Washington, D.C.—The National Labor Relations Board (NLRB) has approved a settlement agreement between Tesoro Refining and Marketing and the United Steel, Paper and Forestry, Rubber, Manufacturing, Energy, Allied Industrial and Service Workers International Union, AFL-CIO-CLC (Steelworkers). Under the bilateral agreement, Tesoro will pay more than $8.08 million to 769 employees at their Carson, CA and Anacortes, WA facilities who engaged in the winter 2015 refinery strike. They will also post a notice for employees of their rights under the National Labor Relations Act.
In February 2015, collective bargaining agreements at both facilities expired.

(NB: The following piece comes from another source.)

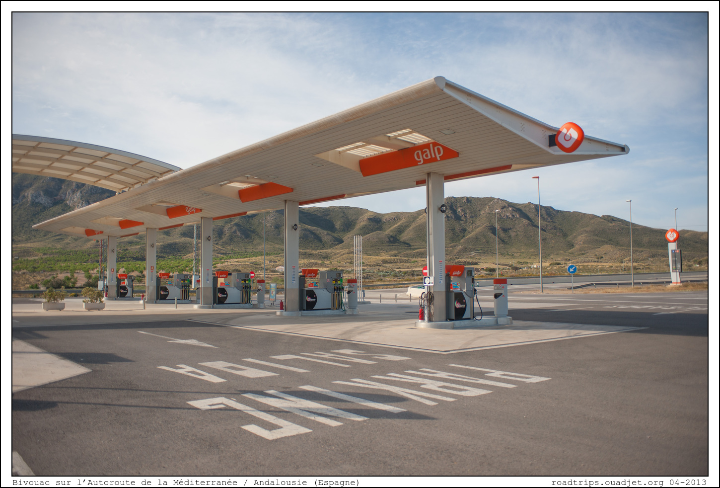 A peine avons nous passé le panneau "Andalousie" que nous nous arretons pour la nuit. L'objectif du voyage est atteint, on va pouvoir quitter les autoroutes et commencer à se balader ! Je suis très surpris (favorablement) du confort du Trafic question avaler des kilomètres, moi qui ai toujours voyagé dans de belles voitures... Nous passons la nuit dans une vaste station essance de l'Autoroute. Nuit très tranquille.

Workers at the Carson, Anacortes, and facilities across the country began a strike that stretched into late March when a new contract was reached. Once an agreement was reached ending the largest refinery strike in 35 years, employees at the Carson and Anacortes facilities returned to work.

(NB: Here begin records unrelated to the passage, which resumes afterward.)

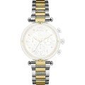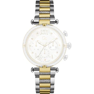 This GC watch strap is made of stainless steel and is attached to the watch by means of saddle screw. The band has a width of 18 mm and is closed by means of a invisible butterfly clasp. The strap has no straight mount which means that this strap is only suitable for the watches listed below.
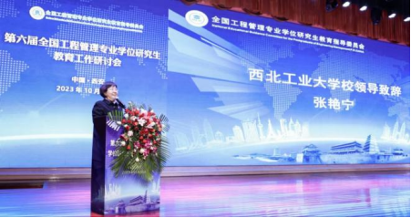 张艳宁致欢迎词,她对各位参会嘉宾表示热烈欢迎和衷心感谢,并向与会人员介绍了西北工业大学建校85年以来,在聚焦国家战略需求和世界科技前沿方面做出的贡献及取得的成就,以及学校MEM项目的建设发展情况,希望通过本次研讨会为学校工程管理专业学位教育的高质量发展提供新思路,最后预祝本次会议取得圆满成功。
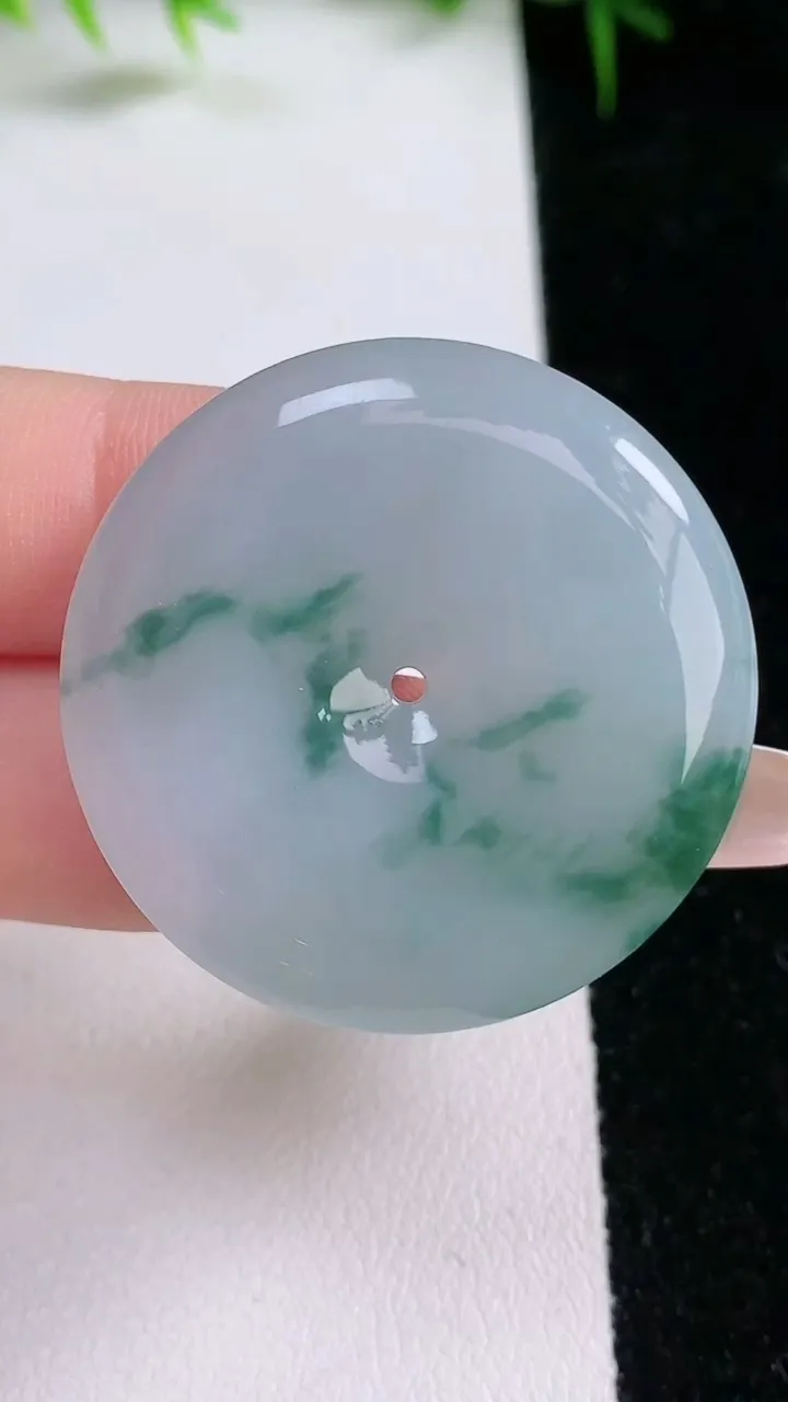 天然A货翡翠飘花平安扣吊坠,尺寸35.3-6,重量:16.47g 1月25日

On March 6th, Tesoro awarded bonuses for the previous year to non-unit and non-striking employees, but withheld such bonuses from striking employees deeming them ineligible to receive them under the parties' Memorandum of Understanding. These annual incentive bonuses were based upon performance and profits during the previous calendar year.
In response, charges were filed by the Steelworkers against Tesoro with the NLRB’s Region 21 Office in Los Angeles and Region 19 Office in Seattle alleging that the accrued bonuses were not paid in retaliation for the employees’ strike, and that failure to pay the bonuses was an unlawful modification of the parties’ contract. After the NLRB issued complaint in both cases, parties reached this settlement which will provide workers with 100% of the bonuses that they were eligible for under their contract.
By entering into the agreement, Tesoro does not admit to any violations of the National Labor Relations Act.